When the Great Depression came in 1929, Americans were ready to take unprecedented steps to boost the economy. Many were dismayed that male breadwinners could not find jobs, which undoubtedly led to support for work restrictions on non-breadwinners. Furthermore, the Supreme Court had by then ruled that the federal government had the authority to regulate interstate commerce. The 1938 Fair Labor Standards Act prohibited children under 18 from working dangerous jobs and children under 16 from working during school hours.

The persistence of child labor

In the following decades in industrialized countries, higher wages and higher standards of living allowed most parents to leave their children in school longer. Today, child labor is most prevalent in less developed nations. 
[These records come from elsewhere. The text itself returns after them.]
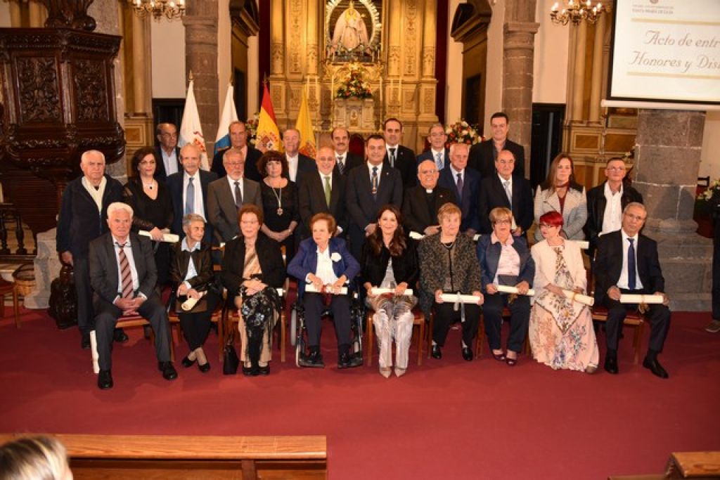 Santa María de Guía rindió este viernes un homenaje a sus hijos ilustres. La Iglesia acogió nuevamente el acto de entrega de Honores y Distinciones que se celebró este año en el marco del 490 Aniversario de la Fundación de esta Ciudad. En un sencillo pero entrañable acto que llenó de familiares, amigos y vecinos el templo matriz, el alcalde del municipio, Pedro Rodríguez, y el presidente del Cabildo de Gran Canaria, Antonio Morales, hicieron entrega de los títulos de Hijos Predilectos, Adoptivos, Medallas de Oro y de Plata y Escudos de Oro a aquellas personas y colectivos que han destacado en su vida profesional o por su dedicación a la comunidad.
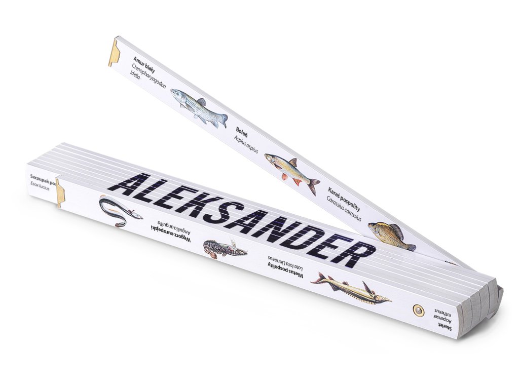 Rybářský skládací metr 2 m s barevně vytištěnými rybami je spolehlivé měřidlo a také výjimečný personalizovaný dárek se jménem Aleksander. Vyrobeno v Česku s certifikací, ideální pro každodenní použití u vody.
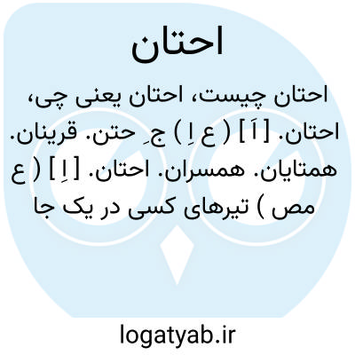 احتان. [ اَ ] ( ع اِ ) ج ِ حتن. قرینان. همتایان. همسران.
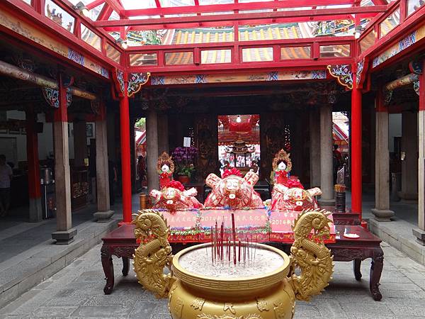 蔡英文昨由民進黨桃園市長提名人鄭文燦、縣黨部主委陳賴素美、縣議員張火爐等人陪同,前往黃萃記公號家族的黃屋公廳參觀,觀賞神豬牌樓、吃辦桌。
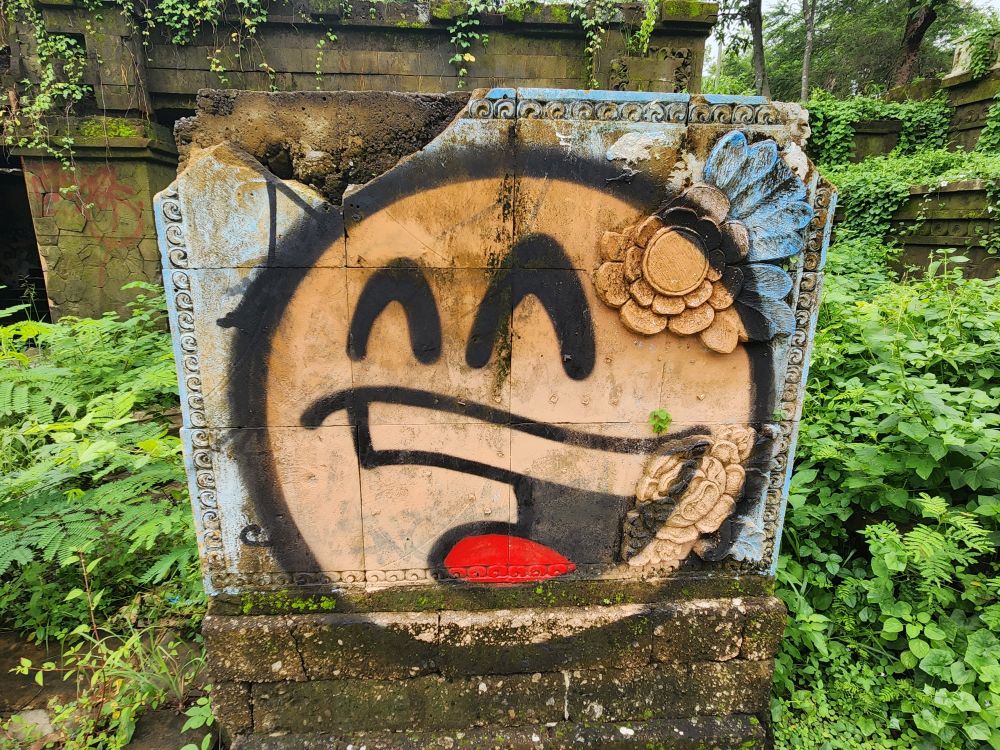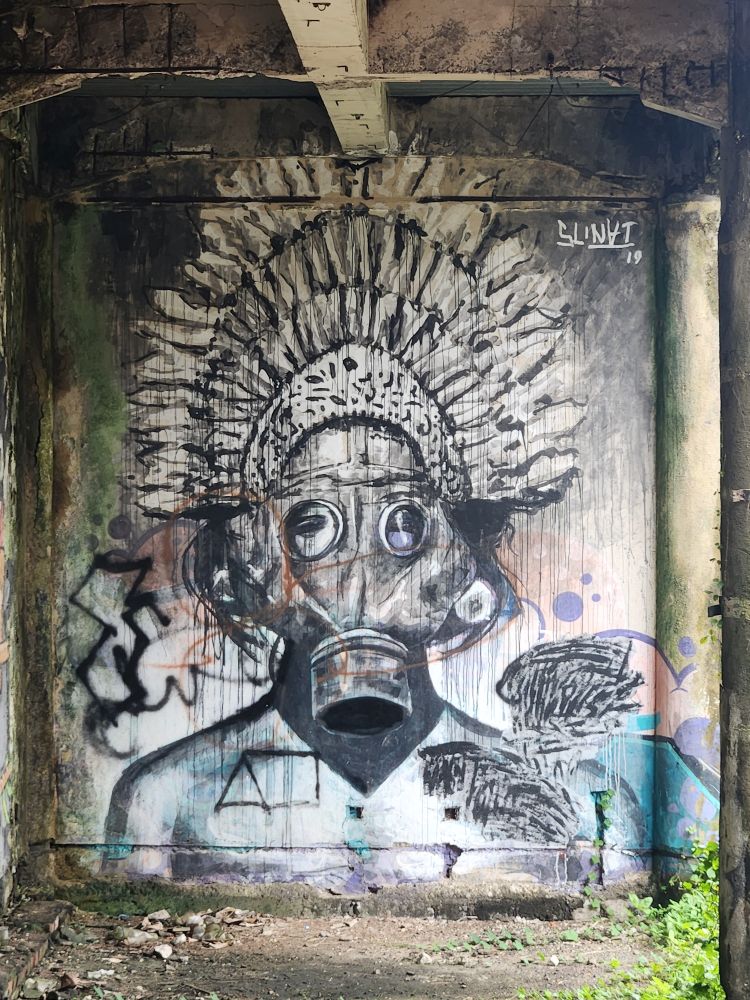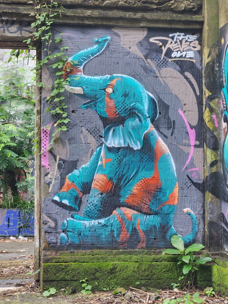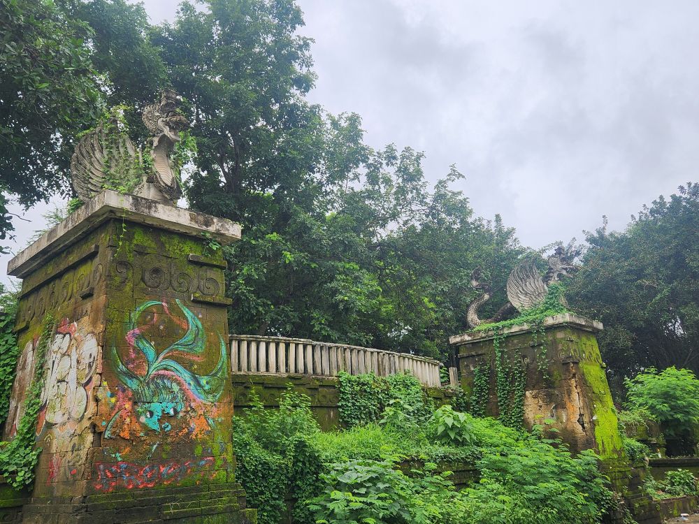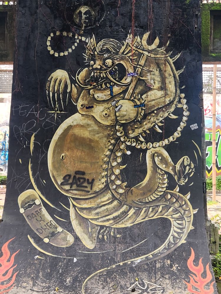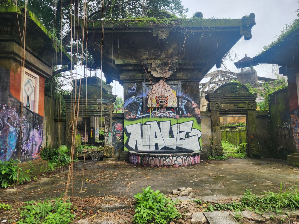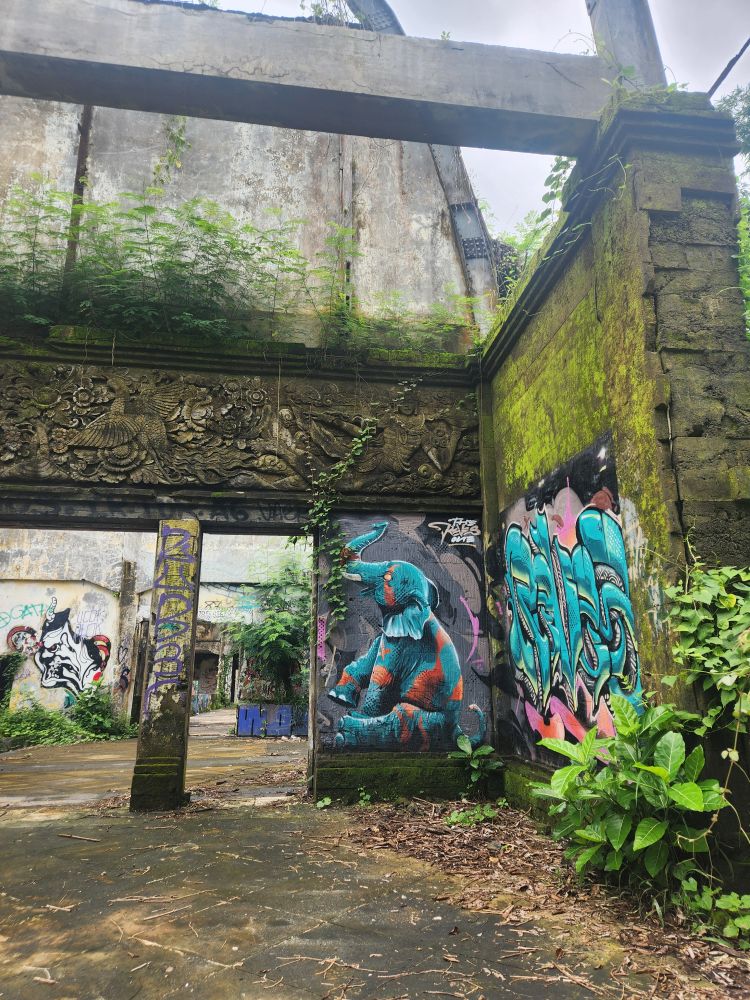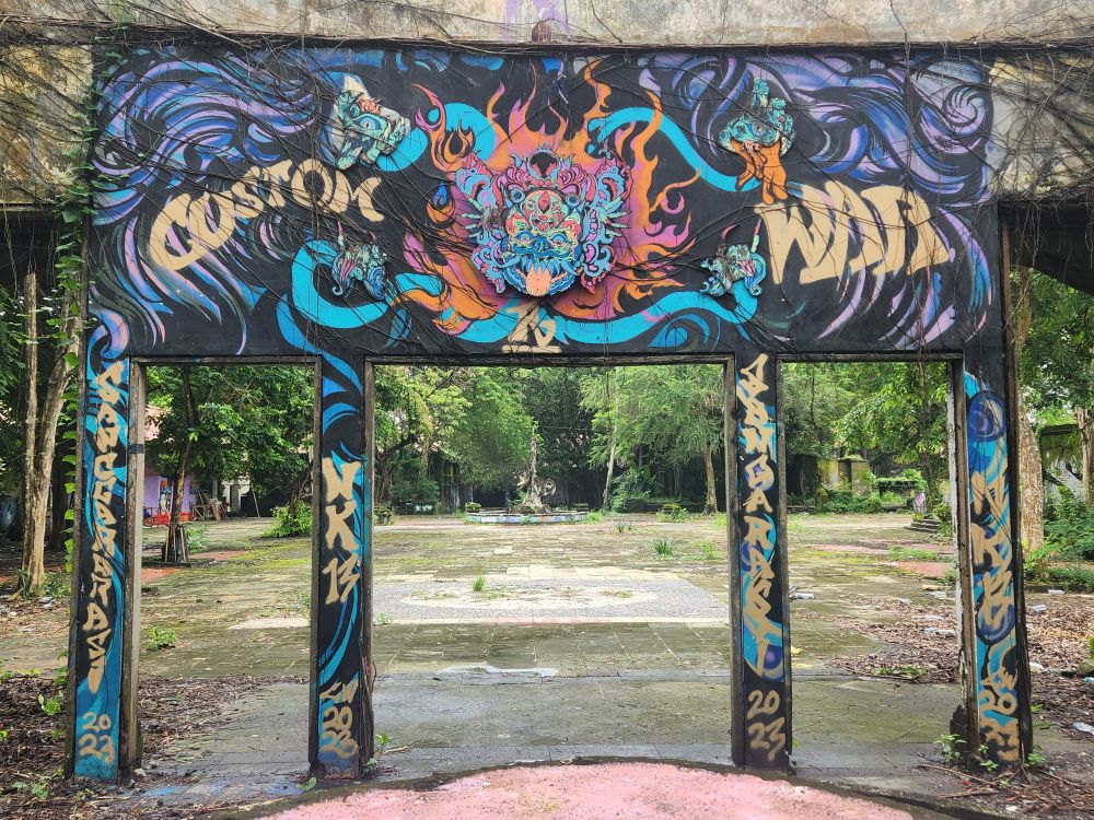 Behind us are a couple of Naga statues up on the upper terrace, by the entrance and defunct fountain, and off to our left is another huge pavilion that just begs to be explored. Heading over, we pass more gas mask graffiti – obviously a thing – painted statues, tiled squares, overgrown banyon trees and more and more graffiti in some building of which we no idea its purpose.

In 1989, the United Nations adopted the Convention on the Rights of the Child, which includes the right to be protected from “economic exploitation and from performing any work that is likely to be hazardous or to interfere with the child’s education.” It also called on all nations to pass laws setting a minimum age for employment. Then in 1992, the International Labor Organization (ILO) launched a campaign to eliminate child labor. The International Program on the Elimination of Child Labor (IPEC) began with extensive country surveys of the extent and nature of child labor around the world, and then began to work within the U.N. to have all nations commit to banning the “worst forms” of child labor.

A comprehensive 2009 examination of child labor worldwide found that these efforts were somewhat successful. While there had been some 245 million children working in 2000, the ILO estimated that about 160 million children were working in 2020.

Yet, child labor persists. Some 70% of all child laborers worldwide work in agriculture, in both developed and less developed nations. The other 30% can be found working in factories, cleaning homes and engaged in informal street trade, among other things. In developed nations, children who are poor, racial minorities or unaccompanied migrants are more likely to have to work.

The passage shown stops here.